• Problem to solve: Keep each entry exactly as written when you repeat it, and skip the images.

*** Data records

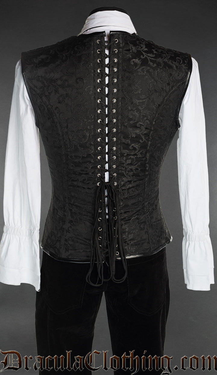 Men's black brocade v-shaper corset vest with black faux leather piping on the seams
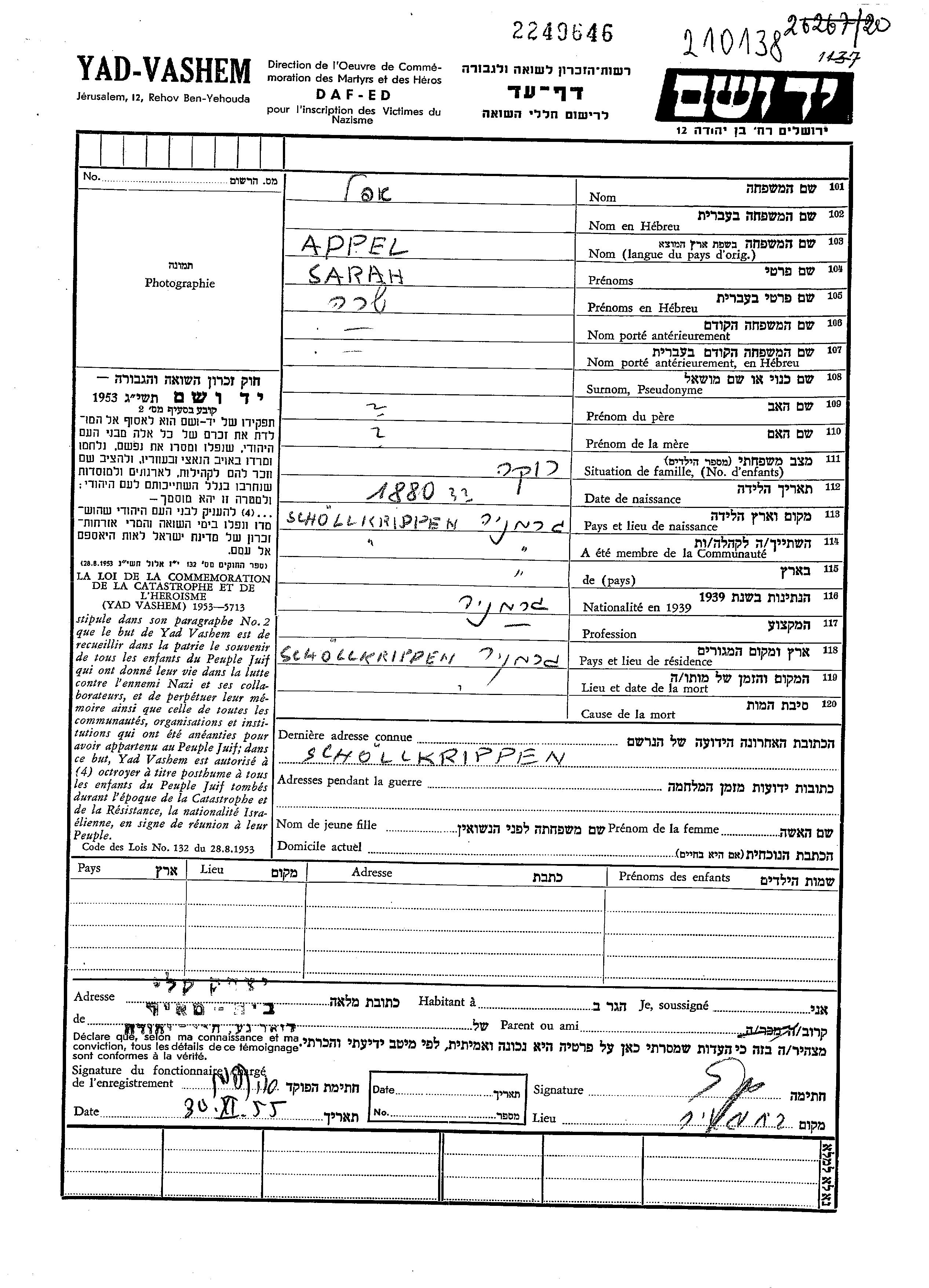 Сара Аппель, место рождения: Шёллькриппен, Германия. Холост / не замужем. Место жительства до войны: Шёллькриппен, Германия. Место во время войны: Шёллькриппен, Германия.
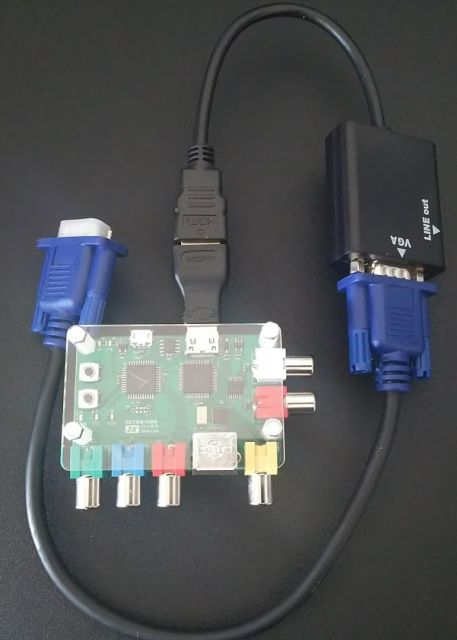 オプションのHDMI→VGAアダプタを使うことで、OSSCに接続することができる。これにより480pから解像度を上げることができる
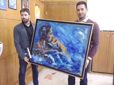 Међу његовим делима нашао се и портрет министра омладине и спорта Вање Удовичића, који је млади сликар насликао док је Удовичић био капитен репрезентације, а данас му га је и лично поклонио.
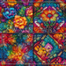 12 beautiful seamless 1024 x 1024 textures featuring rainbow bright flower designs with a hippie boho batik tie dye tapestry vibe.
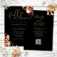 Este elegante convite de casamento pode ser personalizado com suas informações em tipografia de ouro-chico com seus detalhes no site de casamento e seu código QR no verso em um fundo preto. Projetado por Thisnotme©
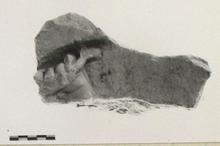| Description: | Broken on all sides. Palm of hand shown gripping inside strap of shield. Thumb and first joint of fingers missing. Shield has concave inner surface with flat edge around outer rim. Front of shield is curved with half round near its outer edge. Parts of sculpture preserved, carved full round. White marble. | |
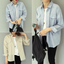 2017春装新款韩版简约棉麻长袖衬衣宽松显瘦衬衫女外套学生衣服潮

******

• Your solution:
 Men's black brocade v-shaper corset vest with black faux leather piping on the seams
 Сара Аппель, место рождения: Шёллькриппен, Германия. Холост / не замужем. Место жительства до войны: Шёллькриппен, Германия. Место во время войны: Шёллькриппен, Германия.
 オプションのHDMI→VGAアダプタを使うことで、OSSCに接続することができる。これにより480pから解像度を上げることができる
 Међу његовим делима нашао се и портрет министра омладине и спорта Вање Удовичића, који је млади сликар насликао док је Удовичић био капитен репрезентације, а данас му га је и лично поклонио.
 12 beautiful seamless 1024 x 1024 textures featuring rainbow bright flower designs with a hippie boho batik tie dye tapestry vibe.
 Este elegante convite de casamento pode ser personalizado com suas informações em tipografia de ouro-chico com seus detalhes no site de casamento e seu código QR no verso em um fundo preto. Projetado por Thisnotme©
| Description: | Broken on all sides. Palm of hand shown gripping inside strap of shield. Thumb and first joint of fingers missing. Shield has concave inner surface with flat edge around outer rim. Front of shield is curved with half round near its outer edge. Parts of sculpture preserved, carved full round. White marble. | |
 2017春装新款韩版简约棉麻长袖衬衣宽松显瘦衬衫女外套学生衣服潮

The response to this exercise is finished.